目前,我这样做是为了用 space 替换 +,如下所示:
def normalizer(value: String): String = {
if (value == null) {
null
} else {
value.replaceAll("\+", BLANK_SPACE)
}
}
val testUDF = udf(normalizer(_: String): String)
df.withColumn("newCol", testUDF($"value"))
但这是替换所有“+”。如何替换字符串之间的“+”,同时处理以下用例:"apple+case+10++cover" => "apple case 10+ cover"?
The output should be
1. "apple case"
2. "apple case 10 cover"
3. "apple case 10+ cover"
4. "apple"
5. "iphone8+"
您可以尝试进行两个正则表达式替换:
df.withColumn("newCol", regexp_replace(
regexp_replace(testUDF("value"), "(?<=\d)\+(?!\+)", "+ "),
"(?<!\d)\+", " ")).show
内部正则表达式替换将针对单个加号前面有一个数字的边缘情况,应该通过添加 space(但不删除加号)来替换。示例:
apple+case+10+cover --> apple+case+10+ cover
然后,外部正则表达式替换以所有前面没有数字的加号为目标,并将它们替换为 space。示例,从上面继续:
apple+case+10+ cover --> apple case 10+ cover
您可以使用 regexp_replace
代替 udf 执行此操作,它应该快得多。对于大多数情况,您可以在正则表达式中使用否定前瞻,但对于“+apple”,您实际上想要将“+”替换为“”(而不是 space)。最简单的方法是简单地使用正则表达式。
df.withColumn("newCol", regexp_replace($"value", "^\+", ""))
.withColumn("newCol", regexp_replace($"newCol", "\+(?!\+|$)", " "))
这将给出:
+--------------------+--------------------+
|value |newCol |
+--------------------+--------------------+
|apple+case |apple case |
|apple+case+10+cover |apple case 10 cover |
|apple+case+10++cover|apple case 10+ cover|
|+apple |apple |
|iphone8+ |iphone8+ |
+--------------------+--------------------+
为了使其更加模块化和可重用,您可以将其定义为一个函数:
def normalizer(c: String) = regexp_replace(regexp_replace(col(c), "^\+", ""), "\+(?!\+|$)", " ")
df.withColumn("newCol", normalizer("value"))
我有一个使用此数据的用例:
1. "apple+case"
2. "apple+case+10+cover"
3. "apple+case+10++cover"
4. "+apple"
5. "iphone8+"
目前,我这样做是为了用 space 替换 +,如下所示:
def normalizer(value: String): String = {
if (value == null) {
null
} else {
value.replaceAll("\+", BLANK_SPACE)
}
}
val testUDF = udf(normalizer(_: String): String)
df.withColumn("newCol", testUDF($"value"))
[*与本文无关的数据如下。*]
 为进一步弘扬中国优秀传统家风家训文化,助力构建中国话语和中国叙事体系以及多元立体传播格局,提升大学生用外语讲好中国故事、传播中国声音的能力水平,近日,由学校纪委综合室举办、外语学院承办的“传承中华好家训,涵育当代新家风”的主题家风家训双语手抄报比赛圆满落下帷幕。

但这是替换所有“+”。如何替换字符串之间的“+”,同时处理以下用例:"apple+case+10++cover" => "apple case 10+ cover"?
The output should be
1. "apple case"
2. "apple case 10 cover"
3. "apple case 10+ cover"
4. "apple"
5. "iphone8+"
您可以尝试进行两个正则表达式替换:
df.withColumn("newCol", regexp_replace(
regexp_replace(testUDF("value"), "(?<=\d)\+(?!\+)", "+ "),
"(?<!\d)\+", " ")).show
内部正则表达式替换将针对单个加号前面有一个数字的边缘情况,应该通过添加 space(但不删除加号)来替换。示例:
apple+case+10+cover --> apple+case+10+ cover
然后,外部正则表达式替换以所有前面没有数字的加号为目标,并将它们替换为 space。示例,从上面继续:
apple+case+10+ cover --> apple case 10+ cover
您可以使用 regexp_replace
代替 udf 执行此操作,它应该快得多。对于大多数情况,您可以在正则表达式中使用否定前瞻,但对于“+apple”,您实际上想要将“+”替换为“”(而不是 space)。最简单的方法是简单地使用正则表达式。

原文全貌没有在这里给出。